DATA BELOW:

------------------------------------

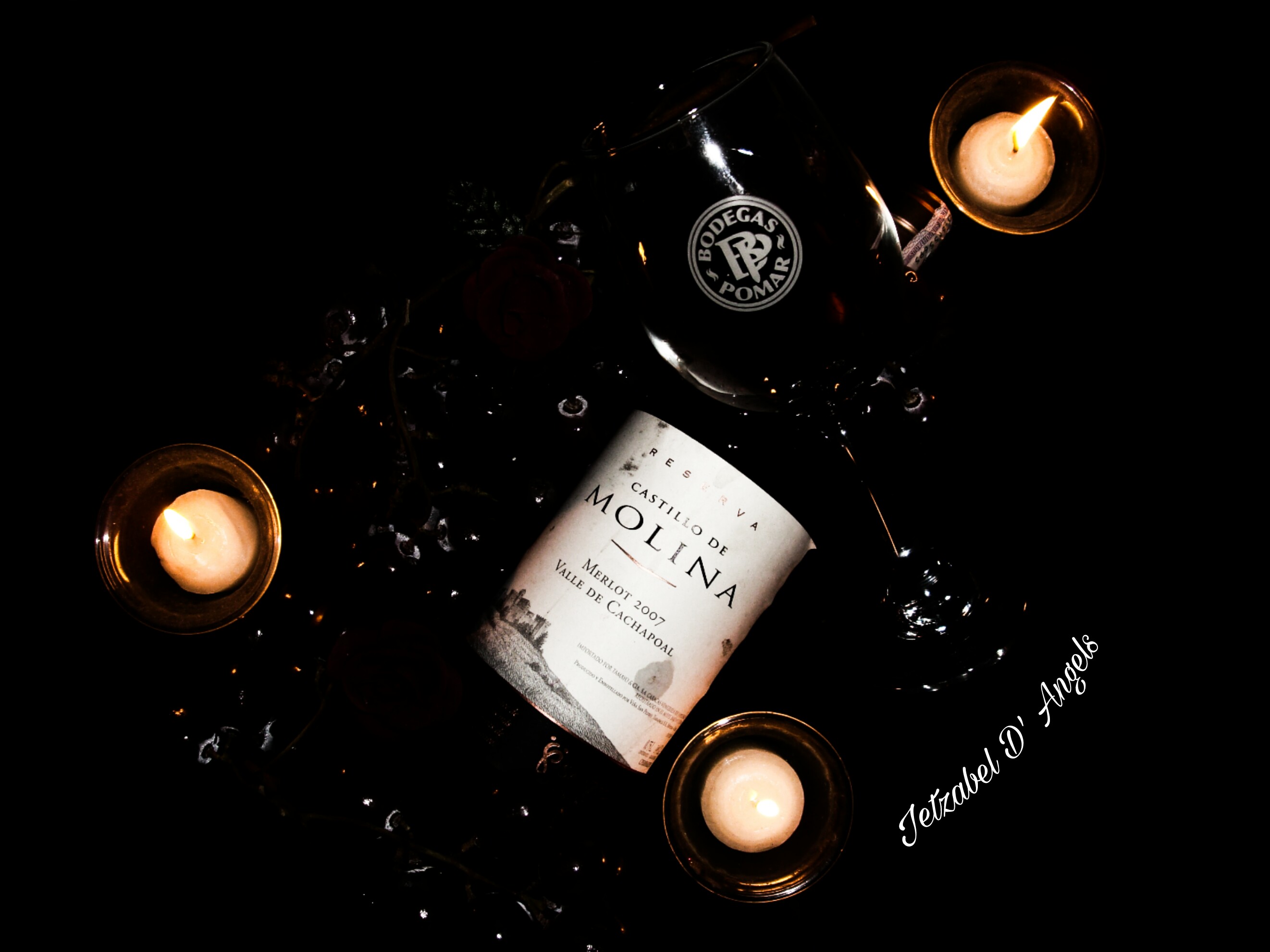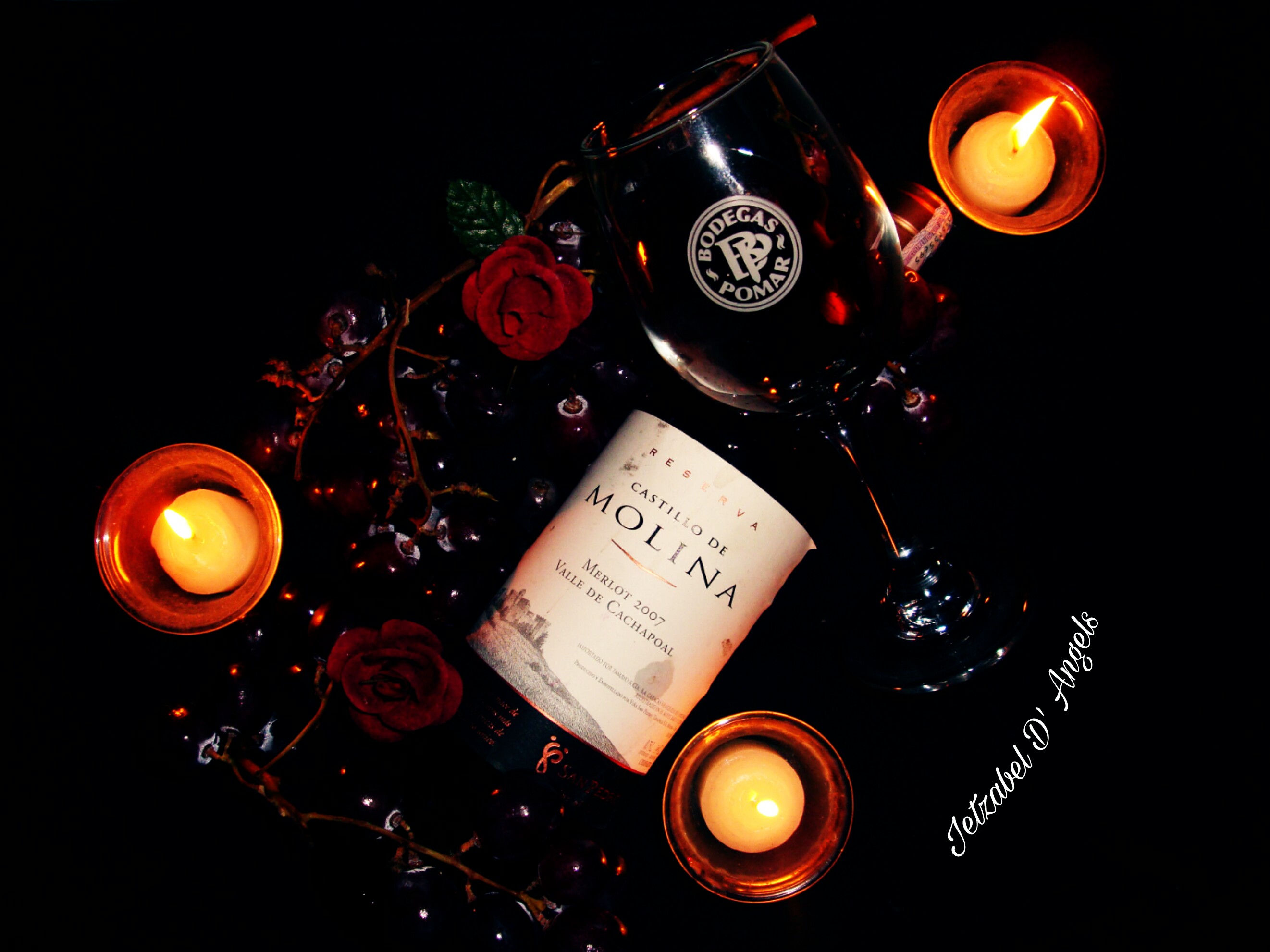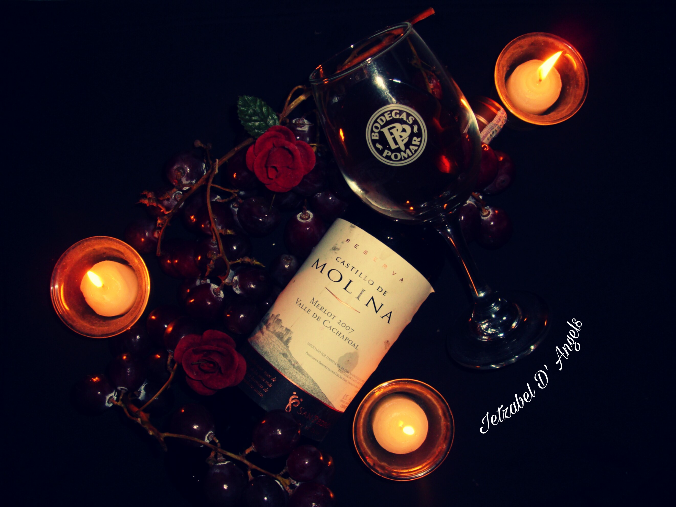 ¿A que me refiero? resaltar los colores, que el fondo-en este caso negro- se perciba como un vacío, al resaltar dichos colores se rescata el romanticismo, ya no nos imaginamos una bodega, sino una cena traquila bien sea con nosotros mismos contemplando una chimenea y degustando ese exquisito vino, o en compañía de esa persona especial.
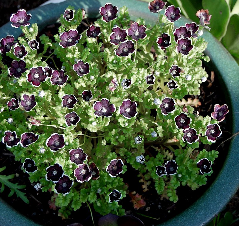Семена немофилы обыкновенной (Nemophila menziesii) Пенни блек, высаженные в апреле, дадут вам цветущий с июня по сентябрь удивительный по красоте экзотичный коврик. Все дело в необычной окраске цветков этого сорта — лепестки имеют почти черный цвет и белую кайму по краям. Цветы одиночные, мелкие, около 3 сантиметров в диаметре. Листья удлиненные, перистые. Стебли стелющиеся, до 15 сантиметров высотой. Чтобы получить плотную полянку цветов и зелени, семена следует высаживать на расстоянии 10-20 сантиметров друг от друга. Немофила предпочитает полутень и влажный грунт. Выигрышно смотрится в рабатках, бордюрах, горшечных композициях.
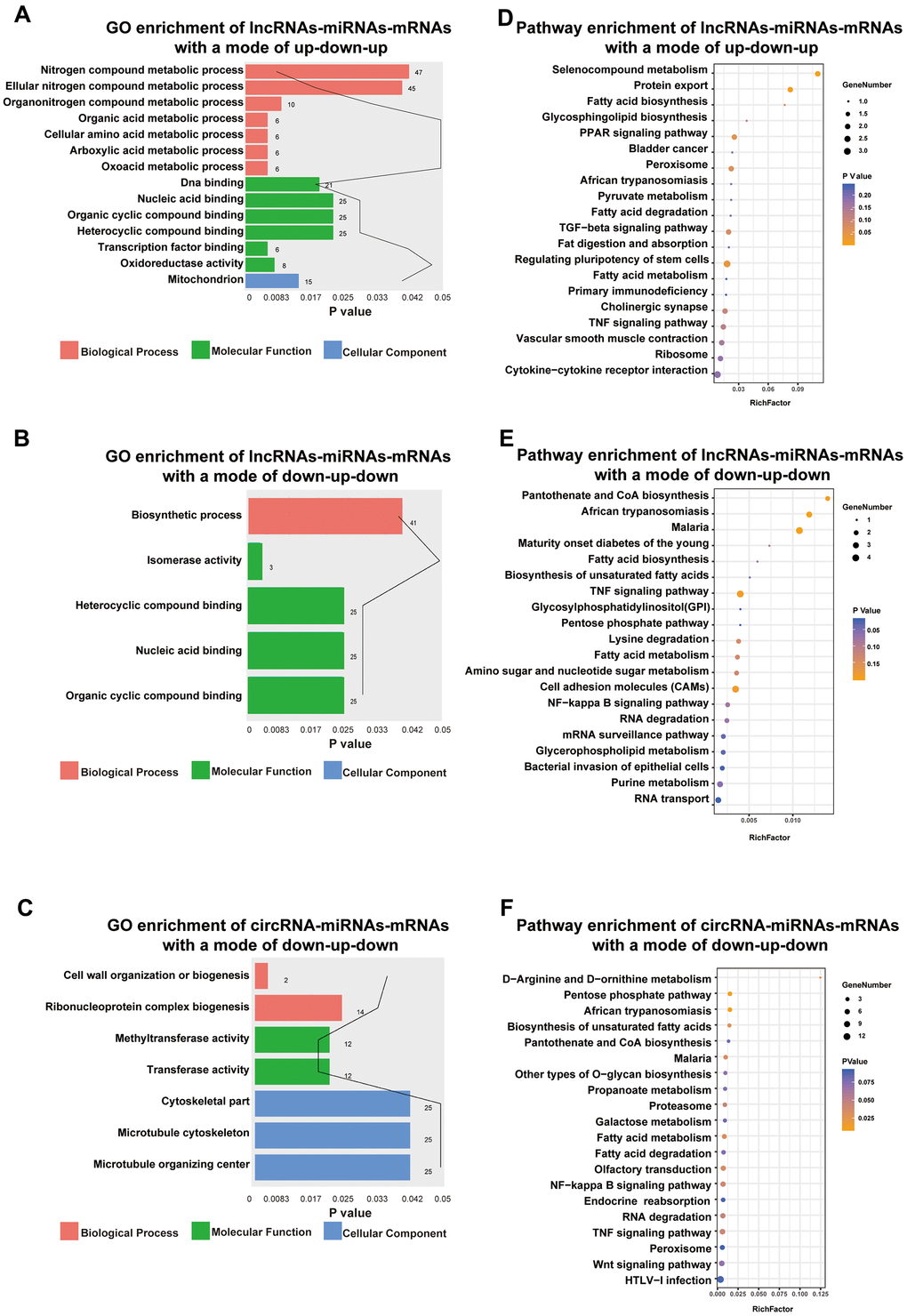 Functional enrichment analysis indicated that DE lncRNAs/circRNAs-miRNAs-mRNAs with an up-down-up expression pattern were related to BPs, such as oxoacid metabolic process, MFs, such as DNA binding, and CCs, such as the mitochondria (Figure 6A). Additionally, DE lncRNAs-miRNAs-mRNAs with a mode of down-up-down were related to BPs, such as biosynthetic processes, and MFs, such as nucleic acid binding (Figure 6B). DE circRNAs-miRNAs-mRNAs with a mode of down-up-down were associated with BPs, such as cell wall organization or biogenesis, MFs, such as methyltransferase activity, and CCs, such as cytoskeletal part (Figure 6C).

------------------------------------

WORK ORDER: Take the data above and set it down exactly, images excluded.

ANSWER BELOW:
 ¿A que me refiero? resaltar los colores, que el fondo-en este caso negro- se perciba como un vacío, al resaltar dichos colores se rescata el romanticismo, ya no nos imaginamos una bodega, sino una cena traquila bien sea con nosotros mismos contemplando una chimenea y degustando ese exquisito vino, o en compañía de esa persona especial.
Семена немофилы обыкновенной (Nemophila menziesii) Пенни блек, высаженные в апреле, дадут вам цветущий с июня по сентябрь удивительный по красоте экзотичный коврик. Все дело в необычной окраске цветков этого сорта — лепестки имеют почти черный цвет и белую кайму по краям. Цветы одиночные, мелкие, около 3 сантиметров в диаметре. Листья удлиненные, перистые. Стебли стелющиеся, до 15 сантиметров высотой. Чтобы получить плотную полянку цветов и зелени, семена следует высаживать на расстоянии 10-20 сантиметров друг от друга. Немофила предпочитает полутень и влажный грунт. Выигрышно смотрится в рабатках, бордюрах, горшечных композициях.
 Functional enrichment analysis indicated that DE lncRNAs/circRNAs-miRNAs-mRNAs with an up-down-up expression pattern were related to BPs, such as oxoacid metabolic process, MFs, such as DNA binding, and CCs, such as the mitochondria (Figure 6A). Additionally, DE lncRNAs-miRNAs-mRNAs with a mode of down-up-down were related to BPs, such as biosynthetic processes, and MFs, such as nucleic acid binding (Figure 6B). DE circRNAs-miRNAs-mRNAs with a mode of down-up-down were associated with BPs, such as cell wall organization or biogenesis, MFs, such as methyltransferase activity, and CCs, such as cytoskeletal part (Figure 6C).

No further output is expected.